= Melanie Kahane =

American interior designer

Melanie Kahane (1910–1988) was an American interior designer and 1985 inductee of the Interior Design Hall of Fame. She was first recognized in the design world as the pioneer of one of the first colored kitchen appliances: a shiny red stove. This move kick-started her reputation as a designer of boldly colored rooms, although she spotted early the possibilities of television for promoting design. Throughout her career she became one of the most notable high-end designers in New York City. She was most influential as a designer from the 1940s to the 1960s, although her career lasted half a century.

== Personal life ==
Melanie Kahane was born in Manhattan in 1910. Shortly after, her family moved to Sioux Falls, South Dakota. This is where the majority of her upbringing took place. She attended high school in Hackettstown, New Jersey. She then attended Parsons School of Design in 1928, where she studied fashion design and illustration. She graduated in 1931. After graduation, she spent a year as an illustrator at an advertising agency, followed by a brief period in Paris and with Lord & Taylor. She married her first husband, Theodore Ebenstein, in 1934. By 1945 she and Ebenstein had one daughter, and divorced shortly thereafter. At this time, she was on her way to transitioning from a fashion illustrator to an interior designer. Her former husband leased her office space to use for her interior design firm. By the early 1950s, another marriage had come and gone, and she met her third husband, Ben Grauer, a prominent radio commentator on NBC. Kahane and Grauer hosted a radio show called Decorating Wavelengths.
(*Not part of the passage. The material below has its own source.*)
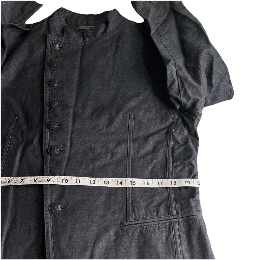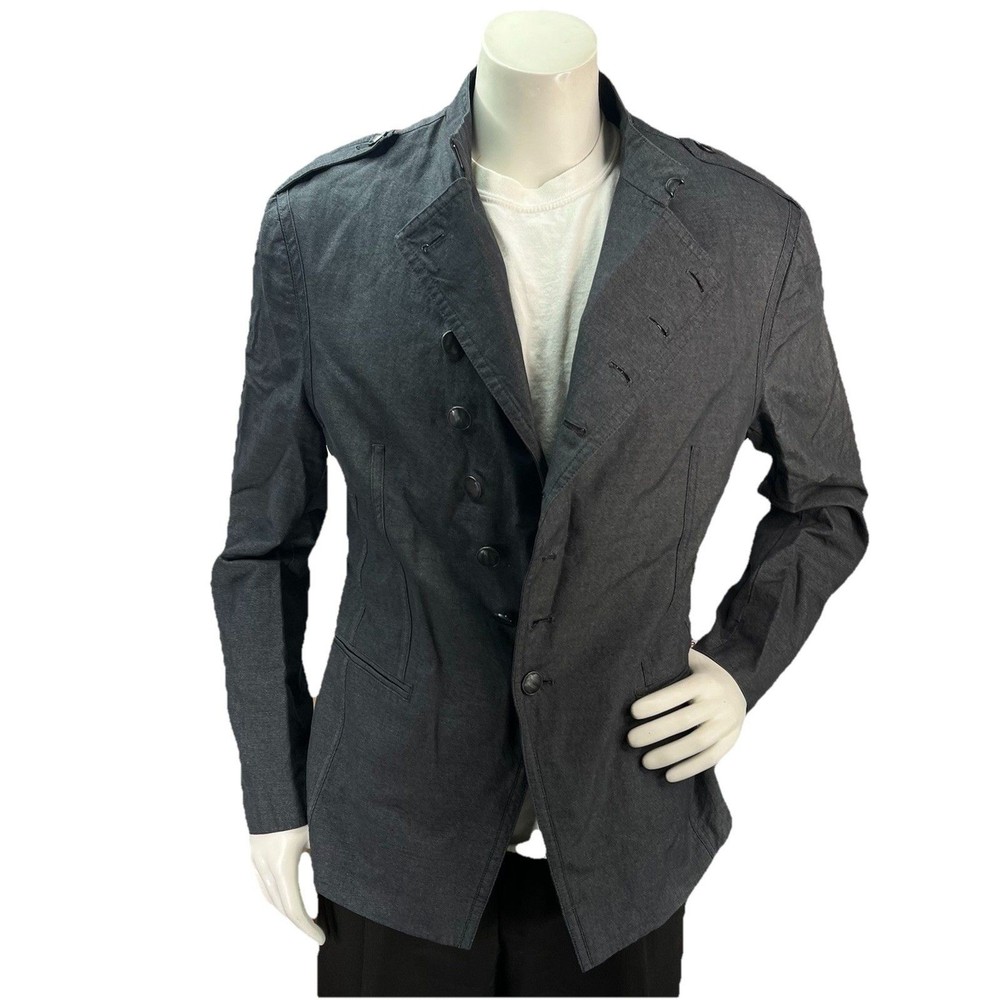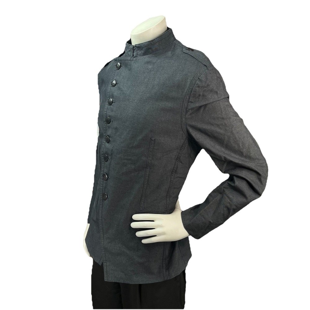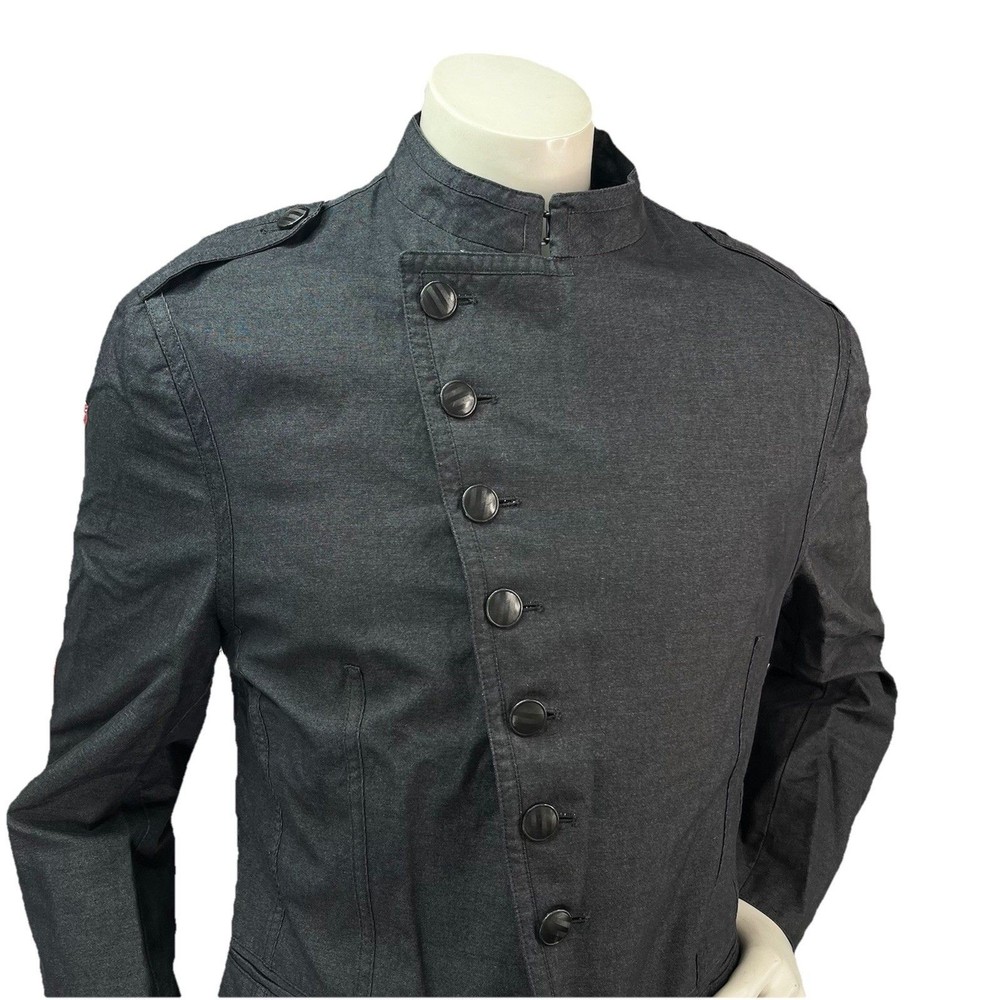 The John Varvatos Men's Asymmetrical Military Jacket in size 42 is a stylish and versatile piece perfect for a casual occasion. Made with a solid cotton outer shell in a sleek gray color, this jacket features a button closure, stand-up collar, and a military-inspired design. Crafted in Italy, this jacket showcases a unique half-lined fler de lis pattern and embodies themes of USA, biker, and motorcycle culture. Ideal for the modern man looking for a regular fit with a touch of edgy style, this jacket from John Varvatos is a standout addition to any wardrobe.

This show combined design and media commitments in order to inform the public on current news and advice. In this time period, she was called “New York’s most photogenic decorator,” it was also said that “she had a sophisticated design flair and was exceptionally good with the details of a room,” by Wynn Hershey of Mike Bell Antiques.

== Career ==
Melanie Kahane came into the spotlight in 1946 when she designed one of the first colored kitchen appliances: a shiny red stove. In the course of her long career, she designed everything from light bulbs to hotels, theaters, and studio apartments. Her clients admired her for her glamorous designs, as well as for her charming and energetic personality. She produced many of her famous works in the home she shared with Grauer. Besides her work in the United States, she also was on the design team for the 1958 World's Fair in Brussels and did work for NBC in the Soviet Union.

In 1985, she was inducted into the Interior Design Hall of Fame. In her half a century working as an interior designer, she designed for such celebrities as Alan King, Eli Wallach, and John Chancellor. Houses she designed include Billy Rose’s William G. Loew mansion on East Ninety-Third Street, and one for producer Joseph E. Levine, Amon Carter, W. T. Grant and Anne Tandy. Other notable projects include the design of Shubert theaters in Boston, Chicago, and New York, beauty salons throughout the United States for Charles of the Ritz and the headquarters for the First National Bank of Fort Worth. Kahane died of lung cancer in her home in December of 1988. In the same year, Parsons School of Design hosted a dinner in her honor, and established a student scholarship in her name. The school applauded her business acumen and her design abilities. Jeremiah Goodman expressed that, “Melanie was a true professional and was very good about finances, but it wasn’t just business with her. Decorating was a passion.”

== Additional references ==
- "Sunday spent relaxing way: staying in bed," The Globe and Mail, October 25, 1979.
- "Entertainment will fill home, designer says," The Globe and Mail, May 1, 1981.
- Enid Nemy, "New Yorkers, etc." The New York Times, July 20, 1983.
- Bernadine Morris, "Shoppers: Harried but Chic," The New York Times, December 20, 1983.